You'll be there in no time at the speed you're posting! :lol:

Alan W


----------



## GleemSpray (Jan 26, 2014)

How have


----------



## GleemSpray (Jan 26, 2014)

You gotten


----------



## GleemSpray (Jan 26, 2014)

your count


----------



## GleemSpray (Jan 26, 2014)

so high ??

:lol::lol::lol:


----------



## Derekh929 (Aug 28, 2011)

10,000 posts and I bet £10,000 spent on products you thought you needed but you didn’t need:lol:

oh wait , I’m as bad with a few year hiatus if posts were pounds spent I bet it’s the price of a small car:lol:, all in the name of testing


----------



## Andyblue (Jun 20, 2017)

Derekh929 said:


> 10,000 posts and I bet £10,000 spent on products you thought you needed but you didn't need:lol:
> 
> oh wait , I'm as bad with a few year hiatus if posts were pounds spent I bet it's the price of a small car:lol:, all in the name of testing


Yes - thankfully not quite that spend, but yes have bought products I don't really need. Been giving done away over past few months to neighbours and friends :thumb:


----------



## Dave Y (Jan 26, 2009)

Well done Andy. 
12 years 136 posts,i will hang my head in shame. I am more of a lurker.


----------



## AndyN01 (Feb 16, 2016)

Good on you.

Thanks for all the time, efforts, £££'s spent and dedication to get there.

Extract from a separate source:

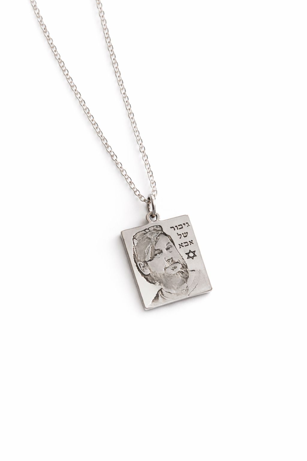 שרשרת זיכרון טס כסף טהור עם חריטת תמונה בצורת מרובע

Much appreciated by those of us looking to increase our knowledge & understanding.

Cheers.

Andy.


----------



## WHIZZER (Oct 25, 2005)

Andyblue said:


> Ooooh
> 
> Please be kind though. :thumb: :lol:


let me know what you want :thumb:


----------



## Andyblue (Jun 20, 2017)

Dave Y said:


> Well done Andy.
> 12 years 136 posts,i will hang my head in shame. I am more of a lurker.


Thanks :thumb:



AndyN01 said:


> Good on you.
> 
> Thanks for all the time, efforts, £££'s spent and dedication to get there.
> 
> ...


Cheers mate, nice to know I'm helping out on occasions :thumb:


----------



## Andyblue (Jun 20, 2017)

WHIZZER said:


> let me know what you want :thumb:


Thanks - I'll have a think. :thumb:

Perhaps I should open it up to suggestions ???


----------



## WHIZZER (Oct 25, 2005)

Andyblue said:


> Thanks - I'll have a think. :thumb:
> 
> Perhaps I should open it up to suggestions ???


you could do :thumb:


----------